Each line of the data below between the one containing "Includes multiple dumbbells" and the one containing "A 9x12 rectangular", both included, is to be repeated exactly. Please omit pictures.

▶ _RECORDED INFORMATION_
━━━━━━━━━━━━━━━━━━━━
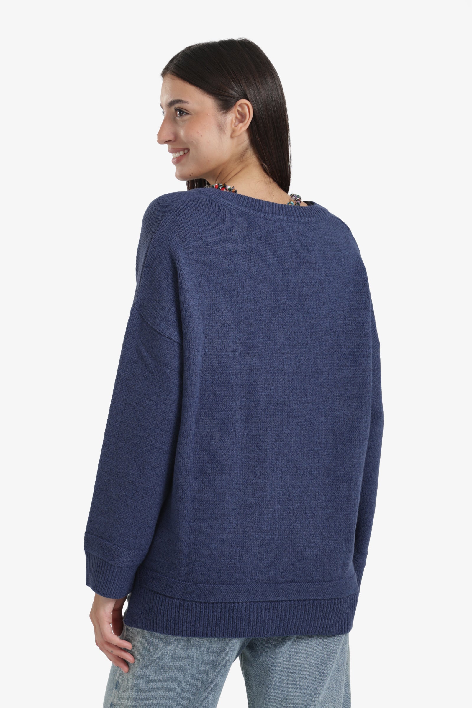 This ribbed v-neck wool pullover combines comfort with effortless elegance. Designed in a relaxed fit, it features ribbed detailing along the neckline, cuffs, and hem for a refined finish. The side slit adds ease of movement and a modern touch, making it a versatile piece you can dress up or down for any occasion.
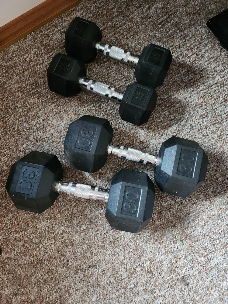 Includes multiple dumbbells of varying weights. Also includes an exercise ball and pump. These items are perfect for an at-home workout.
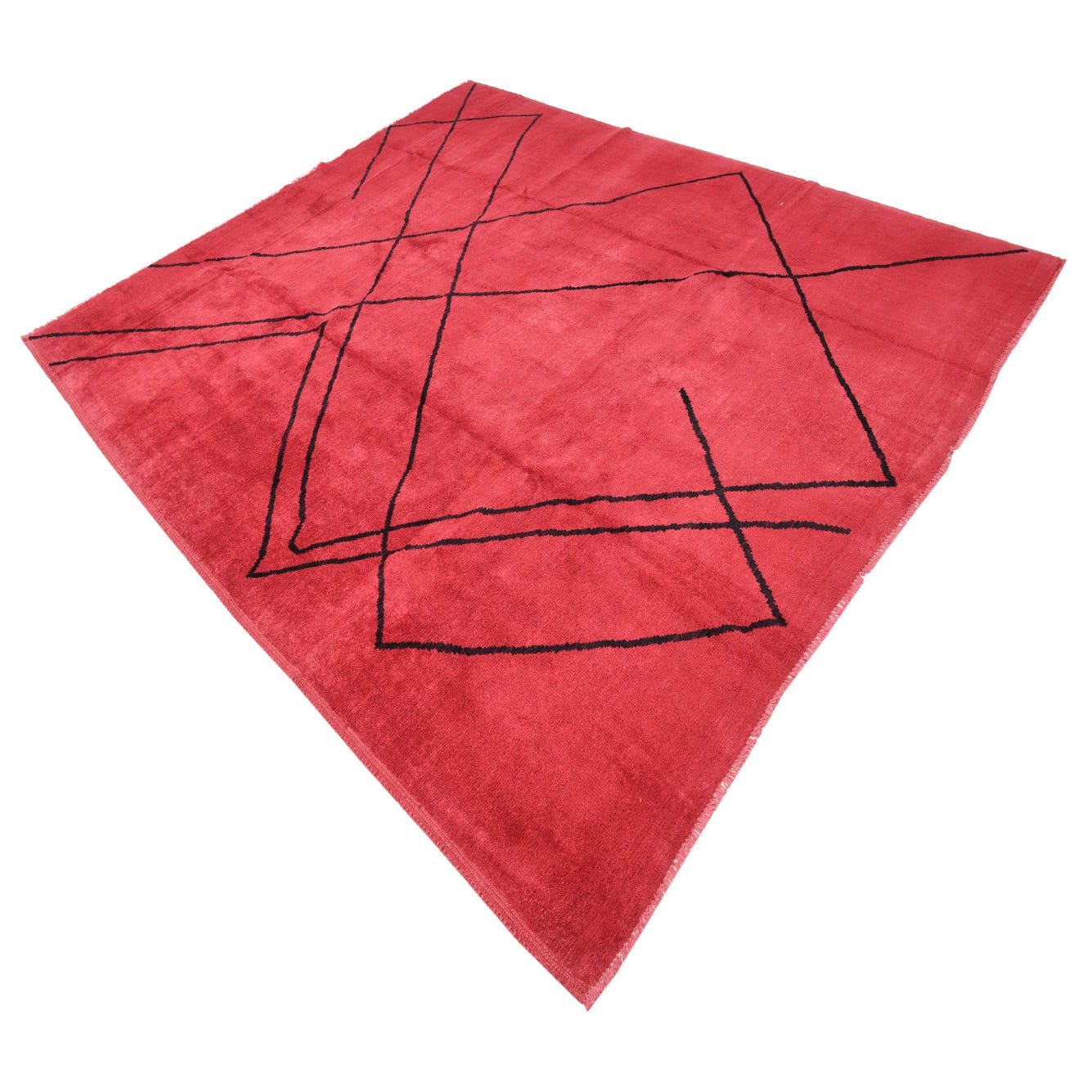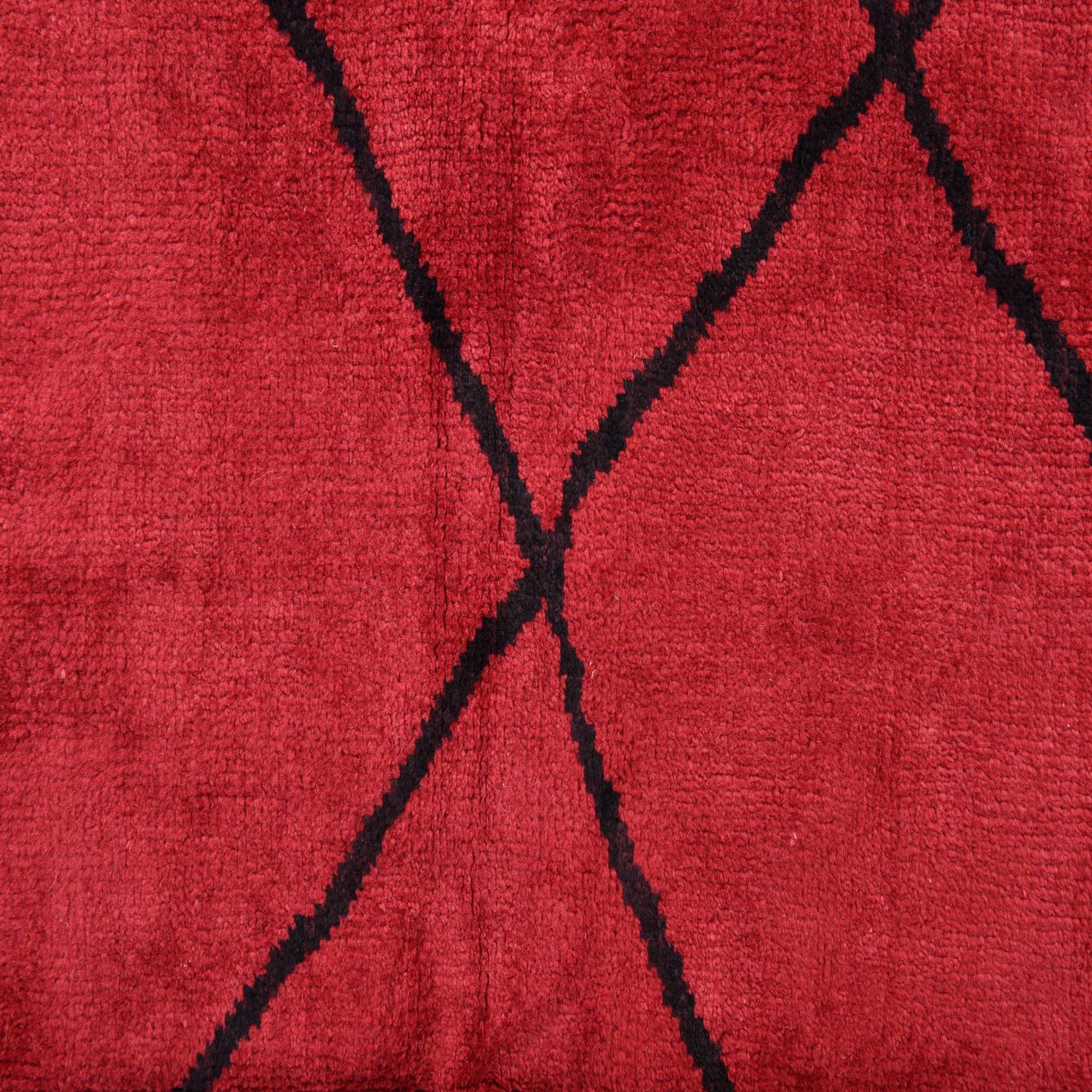 A 9x12 rectangular red shag rug with an abstract black tribal pattern, perfect for a living room.
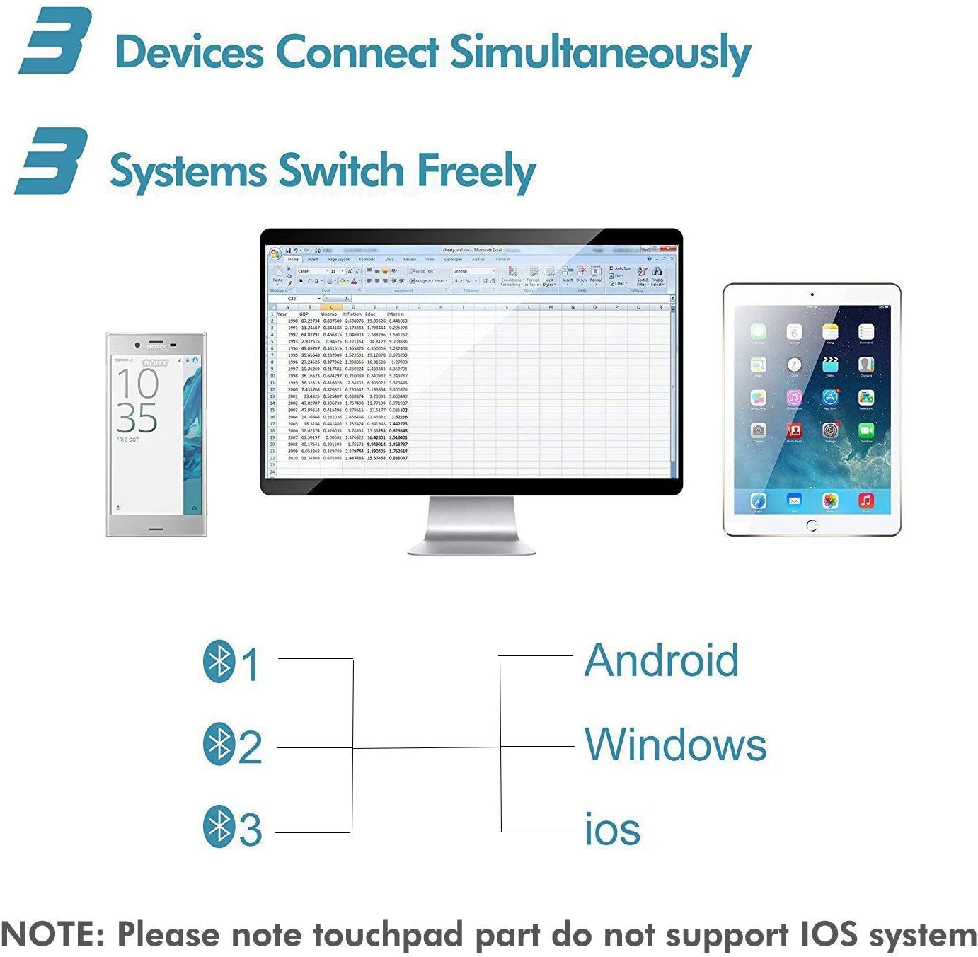 • MULTI-DEVICES and MULTI-OS: Seamlessly switches among 3 devices with BT 5.1 tech. Automatically recognizes different operating systems and layouts. Supports Windows PC/Laptop, iMac/Macbook, iPhone/iPad, Android smartphone/tablet.
━━━━━━━━━━━━━━━━━━━━
▶ _OUTPUT_
 Includes multiple dumbbells of varying weights. Also includes an exercise ball and pump. These items are perfect for an at-home workout.
 A 9x12 rectangular red shag rug with an abstract black tribal pattern, perfect for a living room.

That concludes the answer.